КОРОБОВ. Вот и старайтесь. Если музыканты узнают, что вы в двадцать раз больше их получаете, а в филармонию только раз в месяц заявляетесь, да и то в бухгалтерию за деньгами…

ПОДГУЗЛО (перебивая). Витал Талыч, я не виноват, что филармония на капремонте.

КОРОБОВ. Они вас сожрут с дерьмом. И даже не икнут.

ПОДГУЗЛО (вытираясь носовым платком). Хорошо, я поговорю с Дуговой. Поставлю её перед фактом, так сказать.

КОРОБОВ. И так поставьте, чтобы она даже не пикнула.


Открывается дверь и появляется Любовь Васильевна с торжественным выражением лица и с подносом, уставленным тарелками, где лежат яблоки, апельсины, сыр, ветчина, балык и другие кулинарные излишества.


ЛЮБОВЬ ВАСИЛЬЕВНА. Машина директора у входа. Вы все дела закончили?


Худрук заметался, будто пойманная лисица, и метнулся к двери.


Вы куда, Николай Василич?

ПОДГУЗЛО. Любовь Васильна, мне партитуру надо кое-кому передать. Дело безотлагательной важности. Я мигом. (Выскальзывает в дверь.)

КОРОБОВ. Врёт как дышит. У него селезёнка болит, думает, мы тут всё выпьем, а он к финалу объявится… Пить не хочет зараза.

ЛЮБОВЬ ВАСИЛЬЕВНА. Ради уважения рюмочку надо пропустить. Хотя бы одну.

КОРОБОВ. Вот и проследишь. Щас я пойду руки помою. И кофту переодену, а то эту уляпаю…


Коробов выходит, а Любовь Васильевна с тихим азартом опытного официанта расставляет блюда на столе и что-то напевает.

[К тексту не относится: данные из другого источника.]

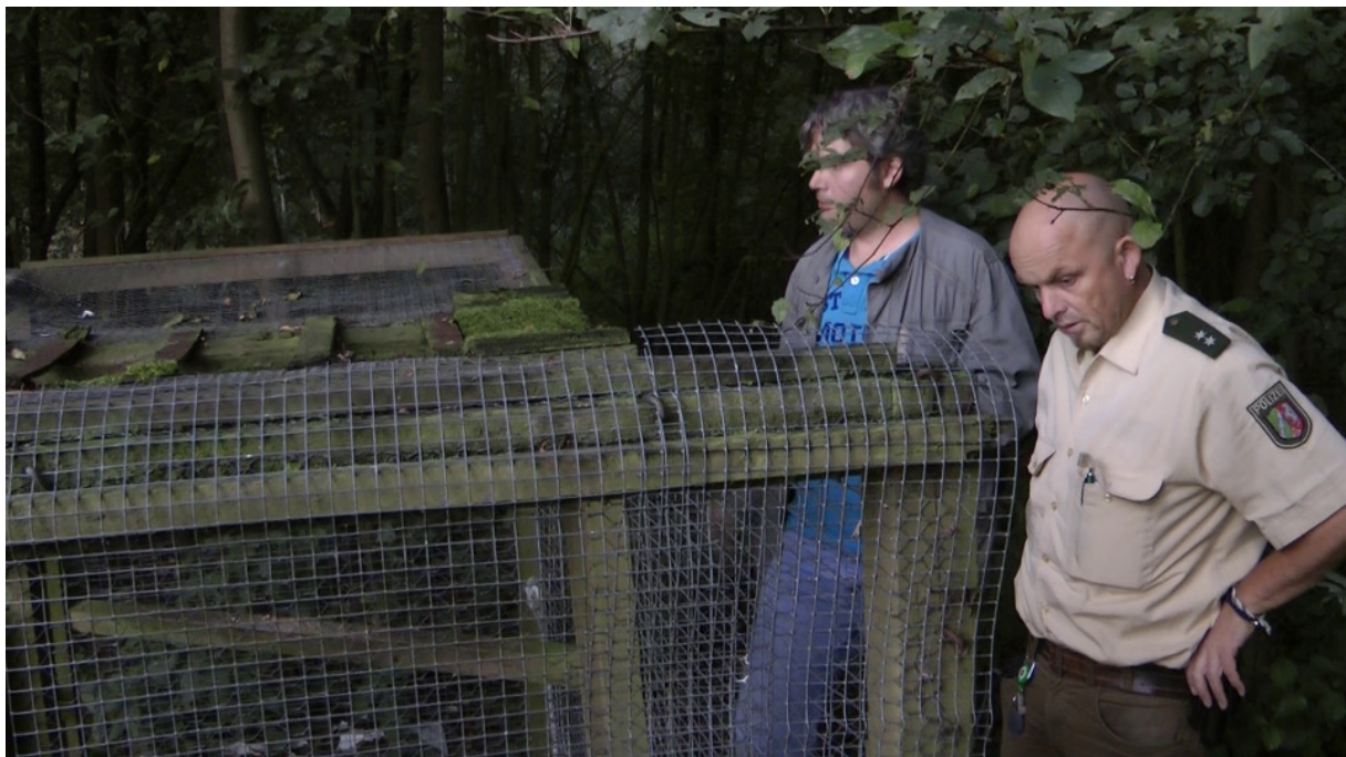
Abb.9: Besichtigung von Leiterfalle 1 durch die Polizei am 18.08.2011

Дверь неслышно отворяется и появляется директор филармонии: невысокий крепкий мужичонка в светлом костюме с лопатообразным галстуком в горошек и с картофелеобразным красным носом на лице. Волосы жёсткие и седые, как проволока. Брови густые и расчёсанные немного вверх. Лапы большие и крепкие как у работяги. На первый взгляд он больше похож на конферансье из самодеятельности, чем на директора филармонии.

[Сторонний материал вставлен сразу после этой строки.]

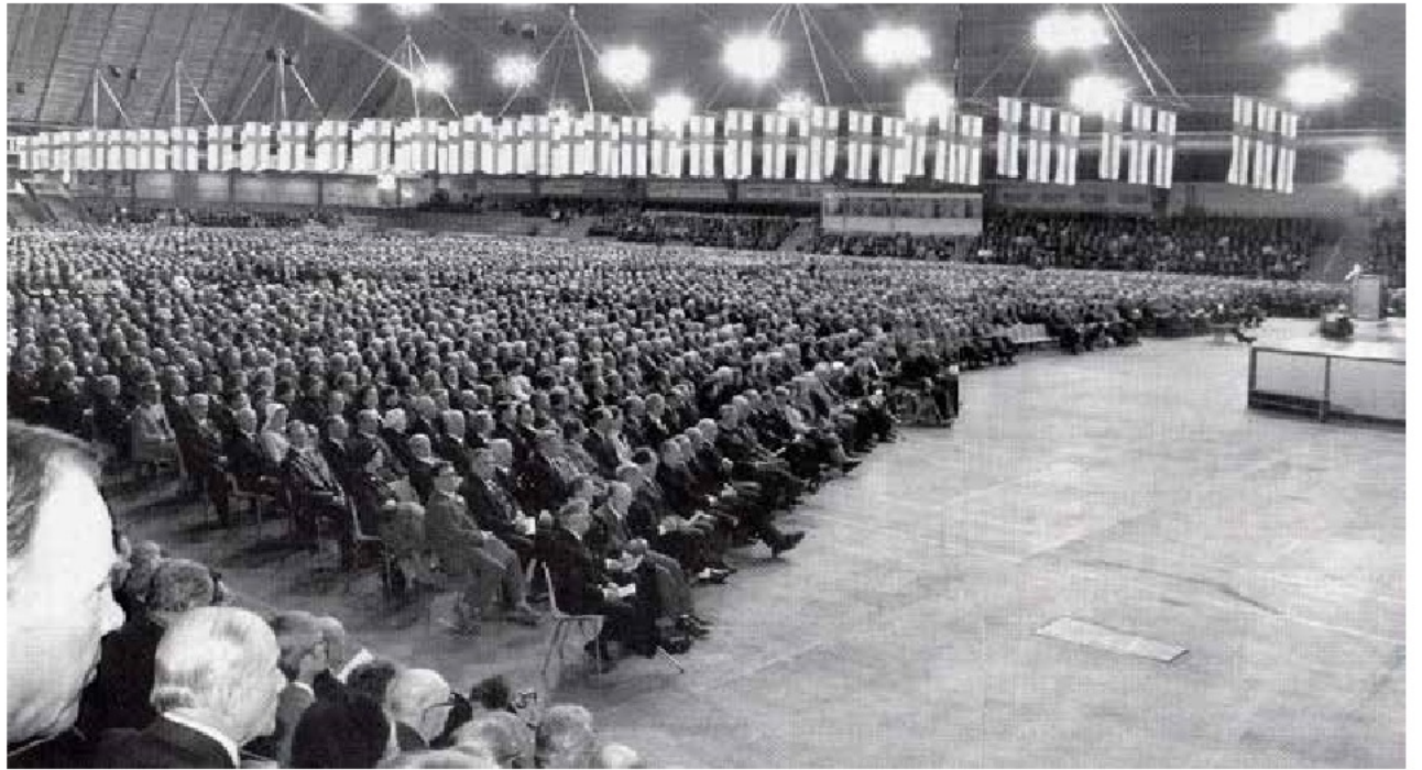
Ensimmäinen veteraanijuhla oli osa itsenäisen Suomen 70-vuotisjuhla. Lahden pääjuhlassa seitsemälläkymmenellä Suomen lipulla koristeltu suurhalli täyttyi noin 10000 veteraanista.

Он подходит сзади к Любовь Васильне и хватает её за округлые бёдра. Она наигранно вздрагивает и медленно поворачивает голову.


ЛЮБОВЬ ВАСИЛЬЕВНА. Азап Калиныч, у меня от такой внезапности может сердце остановиться.

ШУМЯКИН. У тебя мотор, а не сердце… Что: сердечко трепещет, когда я рядом? (Прижимает её к себе.)

ЛЮБОВЬ ВАСИЛЬЕВНА. Азап Калиныч, у всех сердечко трепещет, когда вы рядом.

ШУМЯКИН (о чём-то своём). Если бы – клопы рояльные… (Рассматривая пакеты на столе.) Кто поздравлять приходил?

ЛЮБОВЬ ВАСИЛЬЕВНА. Коробов и Подгузло. Остальные ещё не успели.

ШУМЯКИН. Остальные думают, директору дали большого пенделя – накось-выкусь! (Делает неприличный жест рукой. Его внезапно прорывает.) Не дождётесь, морды протокольные! Я всех вас в узел скручу!..

ЛЮБОВЬ ВАСИЛЬЕВНА. Азап Калиныч, миленький, всё уже позади. Давайте коньячку выпьем. За победу на фронте искусства.


Любовь Васильевна открывает коньяк и разливает его по рюмкам.


ШУМЯКИН. Люба, ты не представляешь, что эти мудососы натворили!.. (Достаёт из-за пазухи письмо и со всего размаху кладёт на стол.) Вот! Полюбуйся!..


Любовь Васильевна всё в таком же замедленном темпе протягивает рюмку Шумякину, не обращая внимания на бумагу.


ЛЮБОВЬ ВАСИЛЬЕВНА. Азап Калиныч, вы не передумали насчёт кругосветного круиза? На два месяца.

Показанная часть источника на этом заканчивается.